From the line containing "Ihr residiert durch" to the final line of the material below, return every line exactly. Do not include pictures.
▽
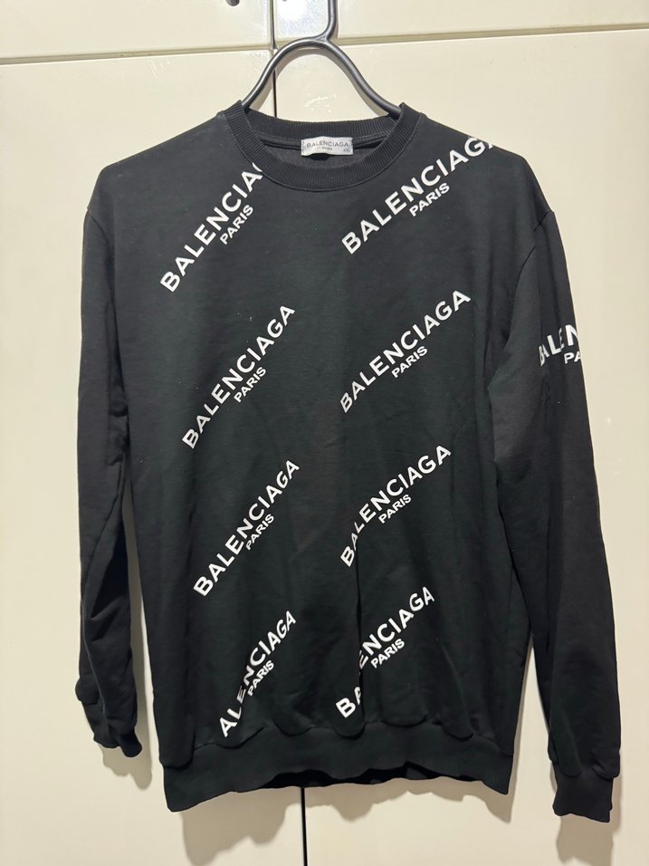 Siyah baskılı Balenciaga sweatshirt, uzun kollu ve yuvarlak yaka, bol kesim ve sentetik kumaştan üretilmiştir. Günlük sokak stili için uygundur.
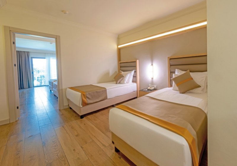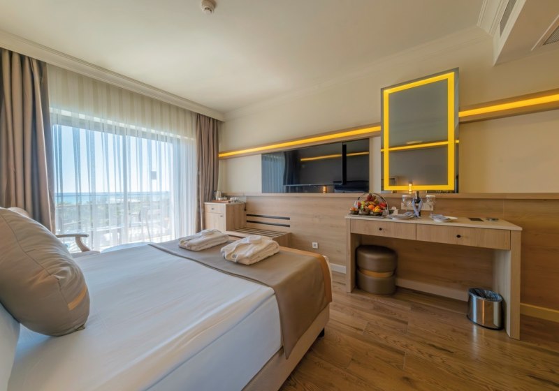 Ihr residiert durch die Strandpromenade vom flach abfallenden Sandstrand getrennt – nah genug für den spontanen Sprung ins Wasser, eigenständig genug für ruhige Stunden im Resort. Der historische Ortskern von Side liegt etwa 10 Kilometer entfernt. Bis zum Flughafen Antalya sind es rund 60 Kilometer. Vor dem Hotel warten öffentliche Minibusse und Taxis, die Euch flexibel zu Ausflügen bringen.
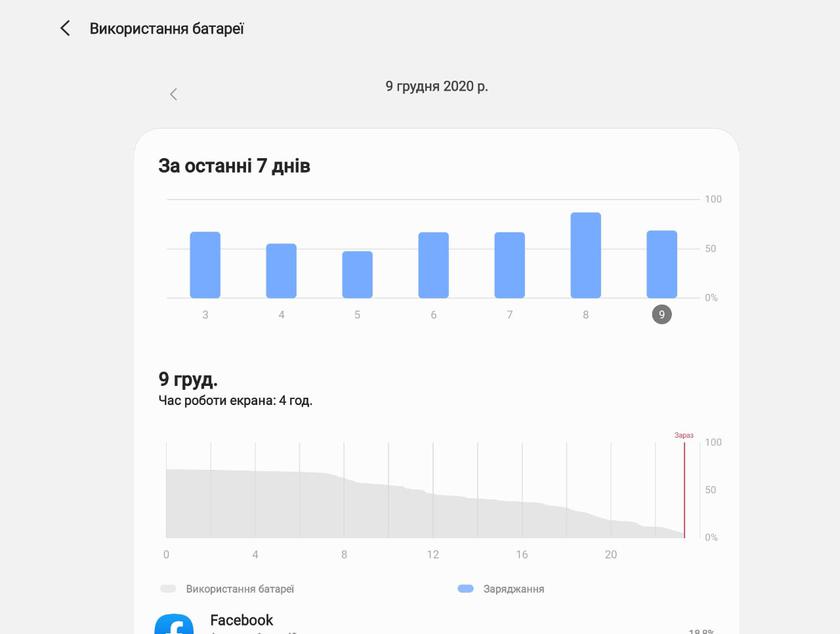 Если посмотреть на недельный график использования аккумулятора, то видно, что ни в один из дней недели я не разряжал смартфон полностью. И последний день на графике он разрядился до 3% заряда к 8 часам вечера, при этом в полночь был заряжен даже не на 100%. При этом за последние сутки время работы экрана составило 4 часа, хотя было бы здорово, в случае с Galaxy Z Fold 2 разделять данные об использовании обоих экранов, надеюсь, Samsung добавит такую возможность в будущем (а оно у смартфонов серии Fold безоблачное — это очевидно уже сейчас) вместе с возможностью отдельно управлять настройками каждого из дисплеев.
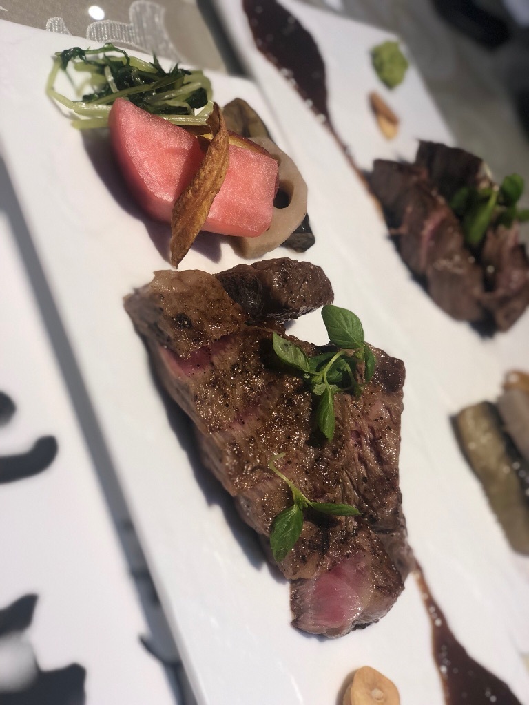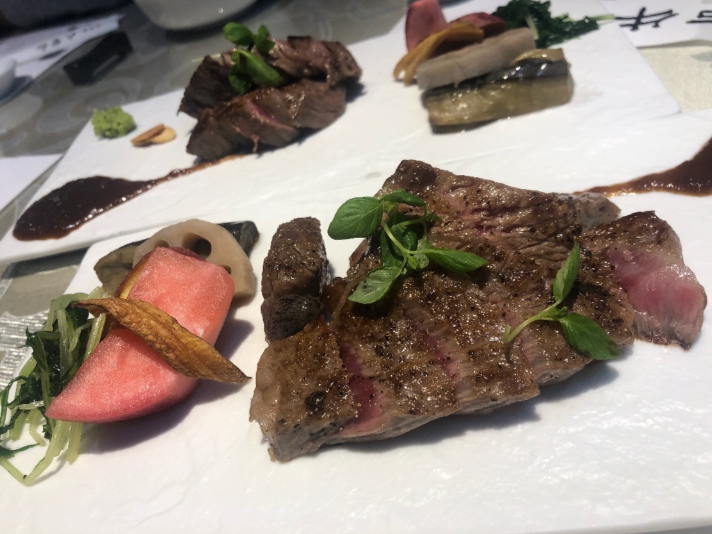 お昼もーたらふく神戸牛のステーキ食べてきたのに
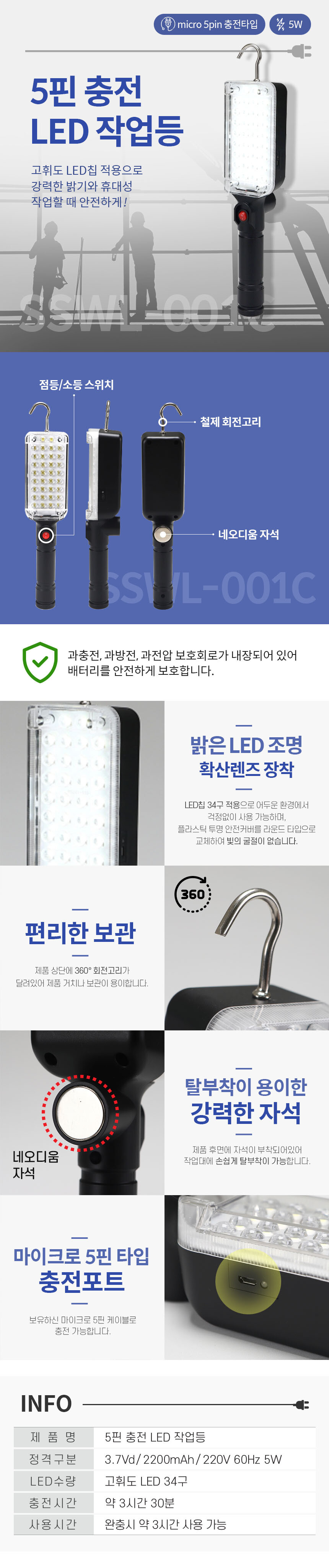 5핀 충전식 LED 작업등 캠핑 랜턴 다용도 현장 야외 자석 걸이 조명
△
• [Exercise answer]
 Ihr residiert durch die Strandpromenade vom flach abfallenden Sandstrand getrennt – nah genug für den spontanen Sprung ins Wasser, eigenständig genug für ruhige Stunden im Resort. Der historische Ortskern von Side liegt etwa 10 Kilometer entfernt. Bis zum Flughafen Antalya sind es rund 60 Kilometer. Vor dem Hotel warten öffentliche Minibusse und Taxis, die Euch flexibel zu Ausflügen bringen.
 Если посмотреть на недельный график использования аккумулятора, то видно, что ни в один из дней недели я не разряжал смартфон полностью. И последний день на графике он разрядился до 3% заряда к 8 часам вечера, при этом в полночь был заряжен даже не на 100%. При этом за последние сутки время работы экрана составило 4 часа, хотя было бы здорово, в случае с Galaxy Z Fold 2 разделять данные об использовании обоих экранов, надеюсь, Samsung добавит такую возможность в будущем (а оно у смартфонов серии Fold безоблачное — это очевидно уже сейчас) вместе с возможностью отдельно управлять настройками каждого из дисплеев.
 お昼もーたらふく神戸牛のステーキ食べてきたのに
 5핀 충전식 LED 작업등 캠핑 랜턴 다용도 현장 야외 자석 걸이 조명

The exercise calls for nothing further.